The author of the article, John T. James, is a toxicologist at the National Aeronautics and Space Administration (NASA) who examined four published studies, each of which used the Global Trigger Tool to identify preventable adverse events (PAE). Two of the studies relied upon were undertaken by the U.S. Department of Health and Human Services’ Office of Inspector General (OIG). In those studies, the OIG measured adverse events among Medicare beneficiaries using the Global Trigger Tool as one method of detection. The Global Trigger Tool was developed by the Institute for Healthcare Improvement and is used by hundreds of hospitals in many countries to monitor adverse event rates. It relies in part on a systematic and retrospective review of medical records by trained individuals who look for “triggers” or clues that enable researchers to identify adverse events.
It comes as little surprise that adverse events in hospitals have remained a problem as resistant as the latest strain of MRSA. However, the magnitude of the problem demands attention. A decade after the IOM report, a recent analysis of Medicare data revealed that from 2009 through 2011, there were 287,630 serious potentially preventable patient safety events among Medicare patients in U.S. hospitals. (Note: those preventable adverse events represent only the Medicare patient population.)
The precise number of deaths related to medical errors is unknown. The primary reason, as many patient safety experts point out, is that 50 – 96% of adverse events are not reported. Regardless of the actual number of preventable deaths, there is cause for continued concern and further action.
The IOM report prompted many health care organizations to create and implement new patient safety initiatives. It also caused a groundswell of legislative activity at the state and federal levels and inspired the Patient Safety and Quality Improvement Act (PSQIA) of 2005. The regulation implementing the PSQIA was published on November 21, 2008, and became effective on January 19, 2009.
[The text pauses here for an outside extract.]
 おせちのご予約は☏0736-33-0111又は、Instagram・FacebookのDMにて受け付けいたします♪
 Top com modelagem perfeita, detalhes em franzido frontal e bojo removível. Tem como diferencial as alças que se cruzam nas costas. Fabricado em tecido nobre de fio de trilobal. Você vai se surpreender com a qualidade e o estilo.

Hospitals and other providers should appreciate (and utilize) the fact that the PSQIA is the first federal legislation that created a privilege for information defined as “Patient Safety Work Product” (PSWP). According to the PSQIA, “patient safety work product shall be privileged and shall not be: 1) subject to a Federal, State, or local civil, criminal, or administrative subpoena or order, including in a Federal, State, or local civil or administrative disciplinary proceeding against a provider; [or] 2) subject to discovery in connection with a Federal, State, or local civil, criminal, or administrative proceeding, including in a Federal, State, or local civil or administrative disciplinary proceeding against a provider.” Thus, an important obstacle to disclosing and learning from serious adverse events was removed.
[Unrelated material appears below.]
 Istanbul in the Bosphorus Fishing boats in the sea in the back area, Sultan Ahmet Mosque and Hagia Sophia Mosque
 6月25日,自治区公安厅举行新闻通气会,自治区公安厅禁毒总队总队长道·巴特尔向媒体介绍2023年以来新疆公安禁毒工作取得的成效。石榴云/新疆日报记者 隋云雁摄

The PSQIA also created Patient Safety Organizations (PSO). The agency within HHS responsible for overseeing the PSQIA is the Agency for Health Care Research and Quality (AHRQ). According to AHRQ, “PSOs are organizations that share the goal of improving the quality and safety of health care delivery.” Public or private entities, profit or not-for-profit entities, and provider entities such as hospital chains are eligible to become PSOs.
By providing both confidentiality and a privilege that shields against discovery in lawsuits, PSOs create a secure environment where clinicians and health care organizations can collect, aggregate, and analyze data. Consequently, they improve quality by identifying and reducing the risks and hazards associated with patient care.
Not all responses to the lingering problem of PAEs have been welcomed with open arms. For example, the National Quality Forum (NQF) created a list of 28 Serious Reportable Events, commonly, if not fondly, referred to as “Never Events.” In July of 2008, the Centers for Medicare & Medicaid Services (CMS) announced that effective October 1, 2008, it would no longer pay hospitals the additional costs associated with Never Events such as: a foreign object unintentionally retained after surgery; vascular-catheter associated hospital acquired infections; catheter-associated urinary tract infections; administration of incompatible blood, and air embolism.